### DATA SEGMENT
⟨

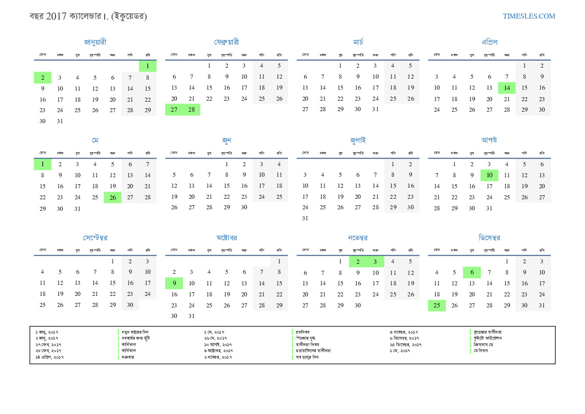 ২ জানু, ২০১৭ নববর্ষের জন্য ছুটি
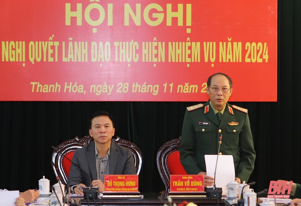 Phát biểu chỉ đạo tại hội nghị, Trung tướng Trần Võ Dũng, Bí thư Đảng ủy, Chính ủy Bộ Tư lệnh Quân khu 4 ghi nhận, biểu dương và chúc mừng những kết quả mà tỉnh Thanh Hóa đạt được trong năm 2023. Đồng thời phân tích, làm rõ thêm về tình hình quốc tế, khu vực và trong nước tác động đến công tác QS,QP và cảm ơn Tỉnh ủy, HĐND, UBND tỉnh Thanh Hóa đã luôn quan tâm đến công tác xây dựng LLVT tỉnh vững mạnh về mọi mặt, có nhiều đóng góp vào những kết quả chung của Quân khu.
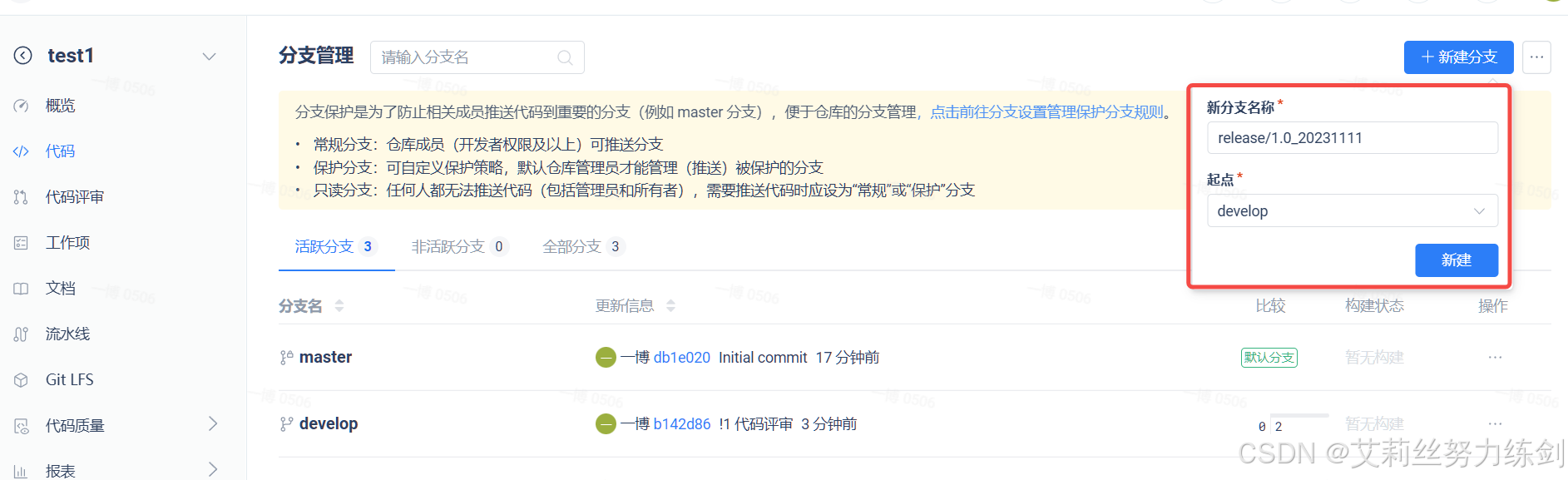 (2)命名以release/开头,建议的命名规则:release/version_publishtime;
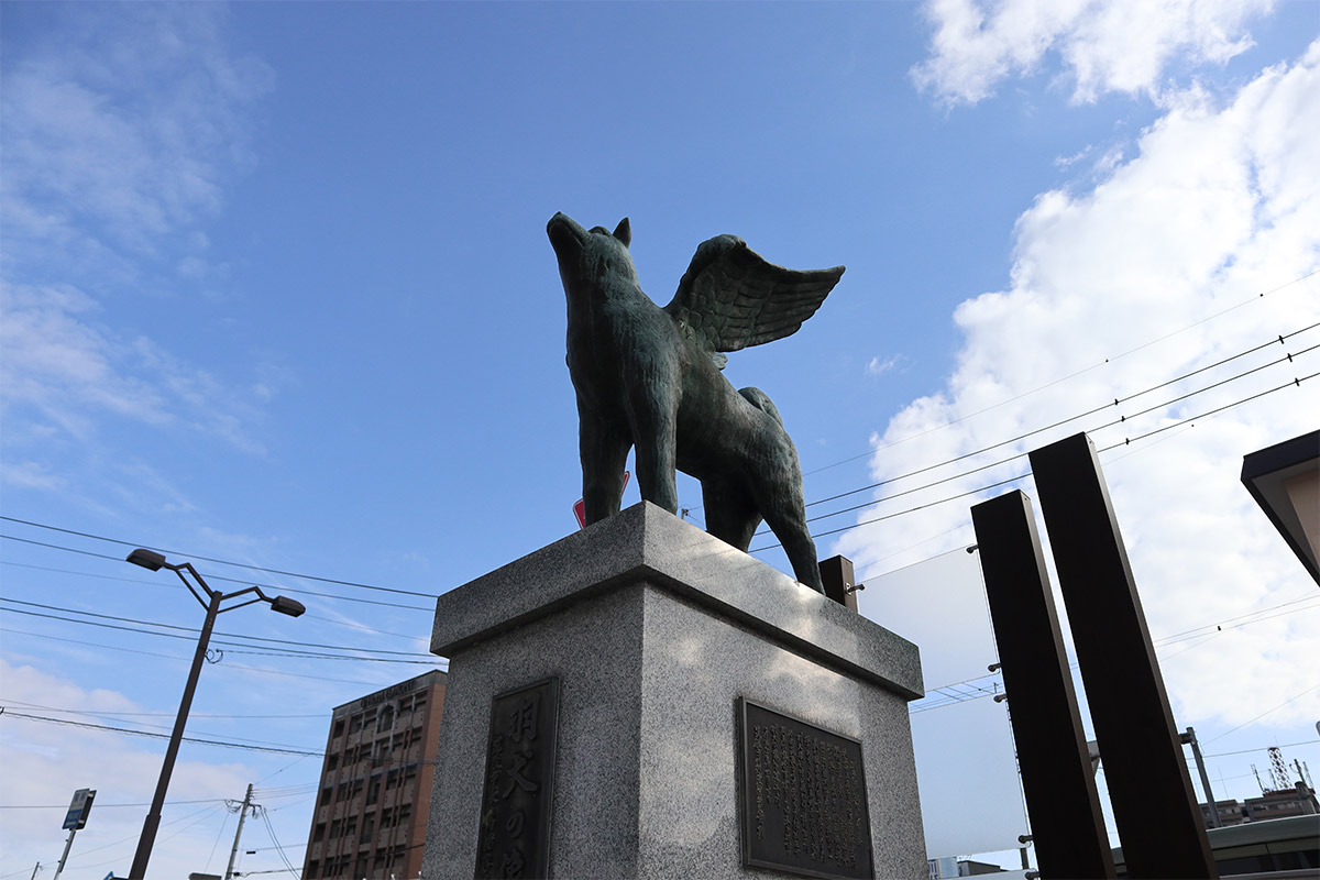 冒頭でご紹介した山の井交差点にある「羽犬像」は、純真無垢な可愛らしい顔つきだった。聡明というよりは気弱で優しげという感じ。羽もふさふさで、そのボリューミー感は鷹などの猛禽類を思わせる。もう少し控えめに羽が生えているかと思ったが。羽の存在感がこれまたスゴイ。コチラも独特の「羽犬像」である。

⟩

Skip all pictures. Write out only the lines from the one containing "(2)命名以release/" to the end of the listing above, inclusive, exactly as given.

### ANSWER TO THE PROBLEM
 (2)命名以release/开头,建议的命名规则:release/version_publishtime;
 冒頭でご紹介した山の井交差点にある「羽犬像」は、純真無垢な可愛らしい顔つきだった。聡明というよりは気弱で優しげという感じ。羽もふさふさで、そのボリューミー感は鷹などの猛禽類を思わせる。もう少し控えめに羽が生えているかと思ったが。羽の存在感がこれまたスゴイ。コチラも独特の「羽犬像」である。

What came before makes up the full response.